Senate debates

Thursday, 2 July 2026

Statements by Senators

Superannuation

1:52 pm

Photo of Steph Hodgins-MaySteph Hodgins-May (Victoria, Australian Greens) | Hansard source

Gravy burns, burnt coffee and long shifts: my memories of being a 15-year-old hospo worker in Ballarat. Like millions of young Australians, I wasn't just a teenager with a job; I was a worker. And workers deserve to be paid properly. But right now, money young people earn isn't going into their super. It's staying in the bank accounts of billion-dollar corporations like Coles and Woolworths—more than $400 million that should be helping young Australians build their future, instead of building corporate profits. Funny how that works. Maybe it's because supermarket giants donate to Labor and young workers don't.

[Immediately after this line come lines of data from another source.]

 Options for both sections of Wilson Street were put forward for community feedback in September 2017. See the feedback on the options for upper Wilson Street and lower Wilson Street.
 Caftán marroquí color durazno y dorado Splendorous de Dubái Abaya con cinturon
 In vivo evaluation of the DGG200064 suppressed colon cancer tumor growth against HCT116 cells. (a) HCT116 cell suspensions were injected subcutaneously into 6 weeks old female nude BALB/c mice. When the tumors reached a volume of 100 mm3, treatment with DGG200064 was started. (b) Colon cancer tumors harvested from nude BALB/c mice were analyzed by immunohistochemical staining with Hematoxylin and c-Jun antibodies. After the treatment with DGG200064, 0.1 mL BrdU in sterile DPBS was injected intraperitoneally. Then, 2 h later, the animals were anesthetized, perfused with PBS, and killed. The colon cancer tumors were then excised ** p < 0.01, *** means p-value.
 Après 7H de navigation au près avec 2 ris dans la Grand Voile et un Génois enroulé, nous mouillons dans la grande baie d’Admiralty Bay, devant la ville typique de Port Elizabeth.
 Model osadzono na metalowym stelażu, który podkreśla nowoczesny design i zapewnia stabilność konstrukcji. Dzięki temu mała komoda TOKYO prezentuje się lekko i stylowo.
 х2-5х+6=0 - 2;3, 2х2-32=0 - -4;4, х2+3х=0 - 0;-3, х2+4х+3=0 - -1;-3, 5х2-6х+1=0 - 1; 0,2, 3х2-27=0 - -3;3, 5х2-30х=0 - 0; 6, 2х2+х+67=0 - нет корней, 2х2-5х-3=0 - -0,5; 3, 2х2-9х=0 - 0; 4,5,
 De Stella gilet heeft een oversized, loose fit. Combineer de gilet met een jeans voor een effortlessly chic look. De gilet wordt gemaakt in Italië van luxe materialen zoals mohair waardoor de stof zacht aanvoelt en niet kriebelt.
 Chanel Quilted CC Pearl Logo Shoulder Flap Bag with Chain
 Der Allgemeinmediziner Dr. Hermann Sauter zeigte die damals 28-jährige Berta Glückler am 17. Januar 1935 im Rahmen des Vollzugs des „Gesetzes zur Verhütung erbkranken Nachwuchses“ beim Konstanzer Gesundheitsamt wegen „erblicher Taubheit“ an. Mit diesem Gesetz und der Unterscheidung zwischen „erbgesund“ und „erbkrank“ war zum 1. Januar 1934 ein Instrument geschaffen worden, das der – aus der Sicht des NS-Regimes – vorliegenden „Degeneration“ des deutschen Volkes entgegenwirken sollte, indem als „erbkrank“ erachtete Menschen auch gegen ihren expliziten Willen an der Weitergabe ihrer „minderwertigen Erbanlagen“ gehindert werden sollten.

When Labor and the Liberals team up against the Greens, it's ordinary people who pay the price. This time, it's 500,000 young workers across this country. Labor and the Liberals have decided that if you are under 18, you don't deserve super. And what's their excuse? That most teenagers work fewer than 30 hours a week. Of course they do; they're at school or they're studying. They're doing exactly what every adult tells them to do: get an education and build a future. So why are they being financially punished for it? Why?

Every dollar of super you miss out on when you're young is a dollar that misses out on decades of compound growth. That's not a technicality; that's money taken from young people's futures and handed to big business. The Greens say enough. To every young worker watching this: when you vote for the first time, remember who fought for your future and remember who voted to take money out of your retirement and leave it in corporate profits. Young people deserve super. Corporate giants like Woolies and Coles do not need more help to fill their bank coffers.